I feel like I've shrunk down to kid size when I'm standing next to this mill - and it's supposedly less than full size!!!  So I'd like to hear from some Bridgeport owners about how high above the floor the drawbar nut is located.  Maybe my memory is starting to go.  But then agin, maybe the Chinese make up for their undersized horses with oversized machinists


----------



## projectnut (Sep 4, 2020)

Can't tell you the exact height because I'm out of town right now.  What I can tell you is that while I'm only 5' 8" tall I can reach the drawbar nut with a little stretch, and I can easily reach the brake with my left hand at the same time.  All possible without wearing my high heel tennis shoes.

ON EDIT:  According to the 1971 sales brochure (my machine is a 1972) The 1 1/2 hp. BR2J variable speed model is 82 3/16" high.  The 1 hp. BRJ step pulley model is 77 7/16" high, and the 1/2 hp. BRM step pulley model is 75" tall.

Mine is the 1 1/2 hp.
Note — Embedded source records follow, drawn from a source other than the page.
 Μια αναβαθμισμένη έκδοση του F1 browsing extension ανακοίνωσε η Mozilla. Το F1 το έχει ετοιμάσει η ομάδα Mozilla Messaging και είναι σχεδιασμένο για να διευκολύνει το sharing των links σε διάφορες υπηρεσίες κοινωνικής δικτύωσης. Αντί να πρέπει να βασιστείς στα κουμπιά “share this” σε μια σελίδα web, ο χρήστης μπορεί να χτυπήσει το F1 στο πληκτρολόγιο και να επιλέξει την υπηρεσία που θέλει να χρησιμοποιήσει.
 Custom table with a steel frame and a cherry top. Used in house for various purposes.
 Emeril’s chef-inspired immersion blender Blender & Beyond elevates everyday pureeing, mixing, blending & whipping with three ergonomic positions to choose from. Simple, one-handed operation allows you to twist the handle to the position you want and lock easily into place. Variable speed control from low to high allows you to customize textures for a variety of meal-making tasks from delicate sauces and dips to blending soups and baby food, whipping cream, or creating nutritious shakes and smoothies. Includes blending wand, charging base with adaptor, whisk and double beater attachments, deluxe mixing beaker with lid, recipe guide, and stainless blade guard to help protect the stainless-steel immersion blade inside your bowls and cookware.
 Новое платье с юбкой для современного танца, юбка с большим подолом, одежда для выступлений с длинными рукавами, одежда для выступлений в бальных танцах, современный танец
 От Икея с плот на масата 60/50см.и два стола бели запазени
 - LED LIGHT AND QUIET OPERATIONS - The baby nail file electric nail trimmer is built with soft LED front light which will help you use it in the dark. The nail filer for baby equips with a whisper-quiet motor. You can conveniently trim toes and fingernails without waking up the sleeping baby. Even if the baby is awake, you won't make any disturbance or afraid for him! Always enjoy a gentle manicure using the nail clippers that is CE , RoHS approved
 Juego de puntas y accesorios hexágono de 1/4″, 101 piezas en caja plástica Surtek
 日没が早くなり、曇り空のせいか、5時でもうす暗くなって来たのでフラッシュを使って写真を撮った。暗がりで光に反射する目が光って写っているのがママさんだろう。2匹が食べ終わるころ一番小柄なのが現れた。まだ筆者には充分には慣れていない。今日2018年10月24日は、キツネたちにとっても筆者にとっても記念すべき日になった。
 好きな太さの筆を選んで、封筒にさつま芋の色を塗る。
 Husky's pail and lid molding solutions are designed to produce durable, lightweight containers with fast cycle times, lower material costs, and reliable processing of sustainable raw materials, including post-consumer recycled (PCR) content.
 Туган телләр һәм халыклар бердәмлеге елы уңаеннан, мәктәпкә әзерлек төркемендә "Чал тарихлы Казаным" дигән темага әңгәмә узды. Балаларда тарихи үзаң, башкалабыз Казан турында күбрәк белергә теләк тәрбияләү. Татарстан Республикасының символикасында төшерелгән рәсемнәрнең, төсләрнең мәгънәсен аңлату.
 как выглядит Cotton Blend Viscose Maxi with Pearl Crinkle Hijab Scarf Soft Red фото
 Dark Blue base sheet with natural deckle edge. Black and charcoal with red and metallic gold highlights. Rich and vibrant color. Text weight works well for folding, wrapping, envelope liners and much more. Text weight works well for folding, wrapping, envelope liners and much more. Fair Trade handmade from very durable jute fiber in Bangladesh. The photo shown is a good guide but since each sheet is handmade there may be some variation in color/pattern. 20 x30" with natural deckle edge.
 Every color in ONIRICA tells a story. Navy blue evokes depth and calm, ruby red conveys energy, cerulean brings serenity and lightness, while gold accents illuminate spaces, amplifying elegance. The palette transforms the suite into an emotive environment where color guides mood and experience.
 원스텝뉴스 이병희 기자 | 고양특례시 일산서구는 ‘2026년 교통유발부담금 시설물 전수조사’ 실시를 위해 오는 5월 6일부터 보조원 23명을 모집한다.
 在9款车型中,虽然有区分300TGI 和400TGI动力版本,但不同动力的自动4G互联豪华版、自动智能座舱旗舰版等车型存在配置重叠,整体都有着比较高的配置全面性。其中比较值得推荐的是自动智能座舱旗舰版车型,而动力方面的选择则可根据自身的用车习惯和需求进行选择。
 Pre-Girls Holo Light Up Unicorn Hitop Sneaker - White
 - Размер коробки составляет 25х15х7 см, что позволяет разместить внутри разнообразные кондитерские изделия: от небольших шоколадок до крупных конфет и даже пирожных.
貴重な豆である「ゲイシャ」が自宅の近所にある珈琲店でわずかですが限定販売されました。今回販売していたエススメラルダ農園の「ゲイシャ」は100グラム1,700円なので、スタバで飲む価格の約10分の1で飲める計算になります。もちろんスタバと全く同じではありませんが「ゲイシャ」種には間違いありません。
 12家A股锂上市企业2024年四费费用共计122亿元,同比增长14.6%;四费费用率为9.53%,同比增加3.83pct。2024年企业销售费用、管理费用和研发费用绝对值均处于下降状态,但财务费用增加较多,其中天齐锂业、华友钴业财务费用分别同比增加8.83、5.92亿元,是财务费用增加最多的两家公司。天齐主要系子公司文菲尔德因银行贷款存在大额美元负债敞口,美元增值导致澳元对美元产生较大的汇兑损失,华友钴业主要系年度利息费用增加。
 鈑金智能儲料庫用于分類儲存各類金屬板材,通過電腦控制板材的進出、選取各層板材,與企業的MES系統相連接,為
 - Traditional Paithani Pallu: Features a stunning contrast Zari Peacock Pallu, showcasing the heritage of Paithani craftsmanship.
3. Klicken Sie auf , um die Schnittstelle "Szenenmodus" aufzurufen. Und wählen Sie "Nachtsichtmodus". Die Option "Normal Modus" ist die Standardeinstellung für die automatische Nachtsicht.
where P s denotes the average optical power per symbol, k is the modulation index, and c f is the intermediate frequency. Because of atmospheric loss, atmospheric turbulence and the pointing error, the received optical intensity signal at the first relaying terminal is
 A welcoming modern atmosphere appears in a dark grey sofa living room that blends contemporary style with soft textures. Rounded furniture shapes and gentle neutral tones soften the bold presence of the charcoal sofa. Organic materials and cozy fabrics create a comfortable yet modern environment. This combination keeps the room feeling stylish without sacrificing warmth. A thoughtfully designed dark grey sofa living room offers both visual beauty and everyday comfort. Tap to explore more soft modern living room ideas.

BR2J variable speed model.


----------



## BGHansen (Sep 4, 2020)

Hi John,

I'm 6' and it's a reach for me.  My BP is setting on a couple of 2x4's on the flat, raised 1 1/2".  I primarily use an ER-32 collet chuck so changes are right at the spindle.  I'll probably build one of the 3/8" butterfly impact changers one of these years.  I have a 7" riser block for mine that is still a project or two away from getting installed.  That'll make a step-stool a must.

Bruce


----------



## Bob Korves (Sep 4, 2020)

Sounds like it is time to buy or make a step stool...


----------



## NC Rick (Sep 4, 2020)

My Bridgeport Series 1 has the draw bar around 78" from the ground.  That's with no riser block...  The motor barely fits in my low ceiling shop.
rick


----------



## FOMOGO (Sep 5, 2020)

I have a 3/8" pneumatic impact with a dedicated socket that I use on my BP draw bar, hangs on the mount on the back of the ram. Has apparently worked well enough, that like Bruce, I haven't gotten around to doing it "correctly". Mike


----------



## ddillman (Sep 5, 2020)

I have a 1HP bridgeport with a 8" riser I can still reach the draw bar if I stretch a little.  I am 6' tall


----------



## Marv in Minn (Sep 5, 2020)

i used to work with a fellow that carried a wood Coke crate with him from machine to machine so he could reach the switch, brake and draw bar


----------



## francist (Sep 5, 2020)

Marv in Minn said:


> a wood Coke crate with him from machine to machine so he could reach the switch


That’d be what we used to call a “make-me-taller box” 

-frank


----------



## Masterjuggler (Sep 6, 2020)

I don't have a mill right now, but when I eventually get one, you can bet I'll need a step stool and a half. I'm 5'5" haha. Even if I could just barely reach, nothing useful is happening at that point.


----------



## Pops (Sep 7, 2020)

I’m 5’8” so it’s a reach for me. I took some 2”x6” boards and built a little 12” square box to use to reach to top of the machine. I cut a hole in one side that my foot would fit into so I could move it around at the position I wanted. Seems to get the job done very well. 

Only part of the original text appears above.